Prompt: Omitting every picture, output the records below exactly, please.

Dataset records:
Start of Block

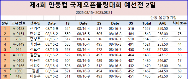 제4회 안동컵 국제오픈 볼링대회 오픈부 예선 7일차 데일리 성적 페이지 정보 작성자 한국프로볼링 작성일 25-08-15 20:57 조회 4,272회 댓글 0건 본문 제4회 안동컵 국제오픈 볼링대회 오픈부 예선 데일리 성적 추천0 이전글제4회 안동컵 국제오픈볼링대회 동호인부 7일차 성적(데일리 포함) 다음글제4회 안동컵 국제오픈 볼링대회 오픈부 예선 최종 성적 목록 댓글목록 0 댓글목록 등록된 댓글이 없습니다.
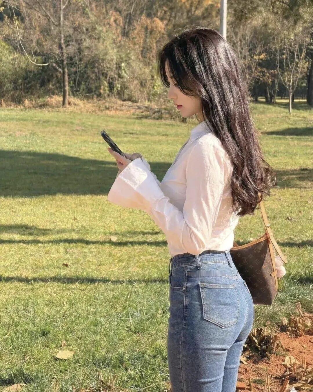 阳光下的甜美笑容,白色衬衫与牛仔裤的完美搭配,尽显自然与优雅。
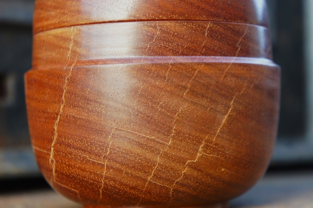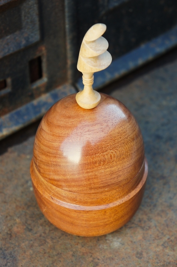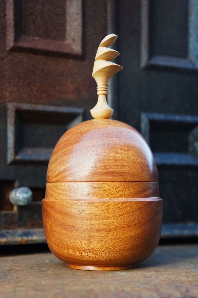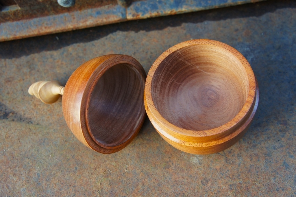 Bonjour, une petite boite en niangon, avec fleuron décoiffé en tilleul. Pour les couvercles de ce genre de boite, on creuse d'abord, on profile l'extérieur ensuite. Le corps de la boite servant d'emprunt au couvercle, ou avec une prise en extension. J'ai choisi une prise en extension vu les fentes de la boite, la feuillure étant sur le couvercle. Rappel : Faites très attention aux bois fendus et fissurés. Le moindre accrocs, ça explose.
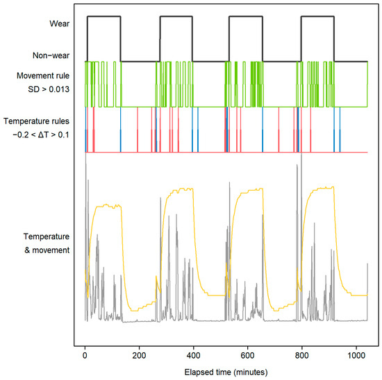 An illustration of the optimised algorithm in action is shown in Figure 11. Green shows the movement rule (mean standard deviation > 0.013 g (13 mg)), blue shows the temperature dropping (<−0.2°), suggesting the start of a non-wear period, while red shows the temperature increasing (>0.1°), suggesting the end of non-wearing and the start of wear. The rules combined give the dark trace at the top of the plot, indicating wear and non-wear.
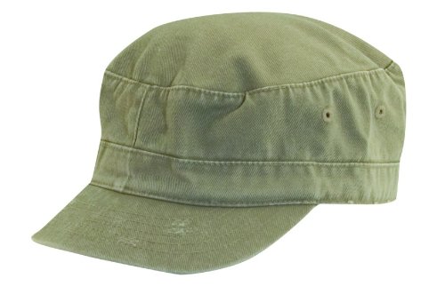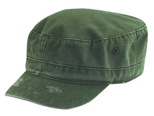 Feature : Distressed cadet hat for kids by Dorfman Pacfic / Distressed style with contrasting red stitching / 2 inch brim / Hook and loop closure / Made of 100% cotton
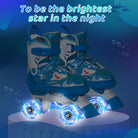 As day turns to night, the fun doesn’t stop. Watch the Blue Shark skates light up with eight glowing wheels that shine like ocean waves. These skates make every glide sparkle, enhancing visibility and adding extra fun to every ride.
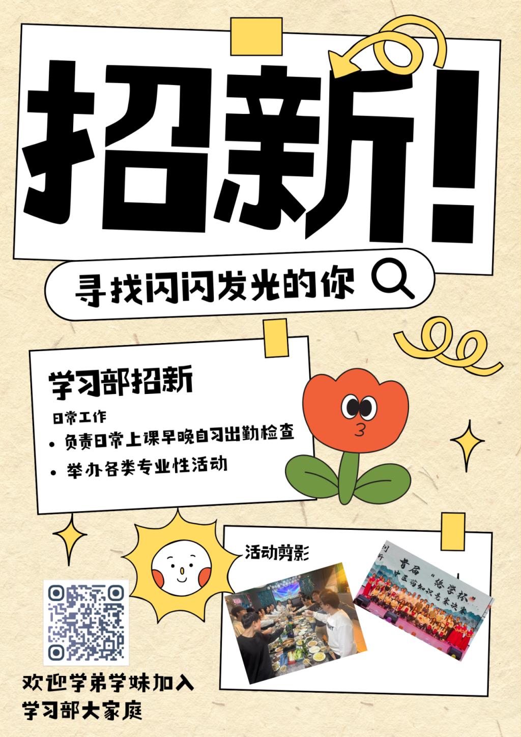 不止于“学”,更“燃”于行!打破对“学习部”的刻板印象!我们不只是“学习”的代名词,更是校园学术活力的注入者,致力于为你的大学生活注入满满“干货”与无限可能!我们负责日常查勤、教材发放、举办专业相关活动、协助老师日常工作等。学习部期待你的加入,让我们携手并肩,共赴一场精彩的成长之旅,书写属于我们的青春华章!
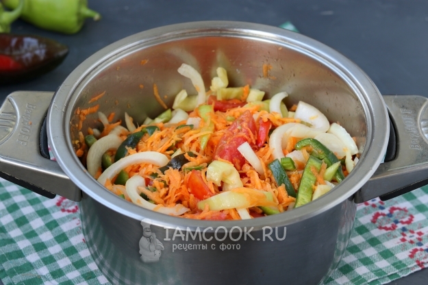 Спустя это время кастрюлю поставить на огонь, довести салат до кипения и варить 20 минут, помешивая.
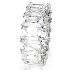 Este anillo de Swarovski se distingue por su look impresionante y elegante. Una hilera de resplandecientes piedras blancas, talladas en forma rectangular facetada, le da un aire de refinada simplicidad. La línea continuada de brillantes piedras define el carácter del diseño y combina bien con otros accesorios igual de elegantes, especialmente otros anillos, para crear un look apilado atractivo y de tendencia. Un complemento ideal para ocasiones especiales y una buena idea de regalo.
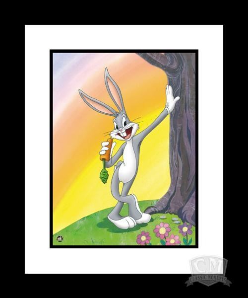 This framed limited edition 16x20 giclee is entitled “Classic Bugs.†This image was taken from Robert McKimson’s famous pose of Bugs, leaning against a tree with a carrot poised for chomping. The image was originally drawn in 1943 by McKimson who, during
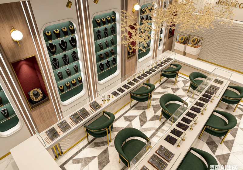 If you want to create a jewelry store that blends traditional Chinese charm with high-end luxury, this red-and-gold design will highlight gold jewelry with dignified elegance:Build a distinctive brand image with Chinese-style arches, golden trims and red accent tones.Plan a symmetrical spatial layout with layered display areas to guide customer flow and showcase products.Use luminous display cases with red velvet linings to enhance the luster of gold jewelry....

End of Block

Result of this exercise:
 제4회 안동컵 국제오픈 볼링대회 오픈부 예선 7일차 데일리 성적 페이지 정보 작성자 한국프로볼링 작성일 25-08-15 20:57 조회 4,272회 댓글 0건 본문 제4회 안동컵 국제오픈 볼링대회 오픈부 예선 데일리 성적 추천0 이전글제4회 안동컵 국제오픈볼링대회 동호인부 7일차 성적(데일리 포함) 다음글제4회 안동컵 국제오픈 볼링대회 오픈부 예선 최종 성적 목록 댓글목록 0 댓글목록 등록된 댓글이 없습니다.
 阳光下的甜美笑容,白色衬衫与牛仔裤的完美搭配,尽显自然与优雅。
 Bonjour, une petite boite en niangon, avec fleuron décoiffé en tilleul. Pour les couvercles de ce genre de boite, on creuse d'abord, on profile l'extérieur ensuite. Le corps de la boite servant d'emprunt au couvercle, ou avec une prise en extension. J'ai choisi une prise en extension vu les fentes de la boite, la feuillure étant sur le couvercle. Rappel : Faites très attention aux bois fendus et fissurés. Le moindre accrocs, ça explose.
 An illustration of the optimised algorithm in action is shown in Figure 11. Green shows the movement rule (mean standard deviation > 0.013 g (13 mg)), blue shows the temperature dropping (<−0.2°), suggesting the start of a non-wear period, while red shows the temperature increasing (>0.1°), suggesting the end of non-wearing and the start of wear. The rules combined give the dark trace at the top of the plot, indicating wear and non-wear.
 Feature : Distressed cadet hat for kids by Dorfman Pacfic / Distressed style with contrasting red stitching / 2 inch brim / Hook and loop closure / Made of 100% cotton
 As day turns to night, the fun doesn’t stop. Watch the Blue Shark skates light up with eight glowing wheels that shine like ocean waves. These skates make every glide sparkle, enhancing visibility and adding extra fun to every ride.
 不止于“学”,更“燃”于行!打破对“学习部”的刻板印象!我们不只是“学习”的代名词,更是校园学术活力的注入者,致力于为你的大学生活注入满满“干货”与无限可能!我们负责日常查勤、教材发放、举办专业相关活动、协助老师日常工作等。学习部期待你的加入,让我们携手并肩,共赴一场精彩的成长之旅,书写属于我们的青春华章!
 Спустя это время кастрюлю поставить на огонь, довести салат до кипения и варить 20 минут, помешивая.
 Este anillo de Swarovski se distingue por su look impresionante y elegante. Una hilera de resplandecientes piedras blancas, talladas en forma rectangular facetada, le da un aire de refinada simplicidad. La línea continuada de brillantes piedras define el carácter del diseño y combina bien con otros accesorios igual de elegantes, especialmente otros anillos, para crear un look apilado atractivo y de tendencia. Un complemento ideal para ocasiones especiales y una buena idea de regalo.
 This framed limited edition 16x20 giclee is entitled “Classic Bugs.†This image was taken from Robert McKimson’s famous pose of Bugs, leaning against a tree with a carrot poised for chomping. The image was originally drawn in 1943 by McKimson who, during
 If you want to create a jewelry store that blends traditional Chinese charm with high-end luxury, this red-and-gold design will highlight gold jewelry with dignified elegance:Build a distinctive brand image with Chinese-style arches, golden trims and red accent tones.Plan a symmetrical spatial layout with layered display areas to guide customer flow and showcase products.Use luminous display cases with red velvet linings to enhance the luster of gold jewelry....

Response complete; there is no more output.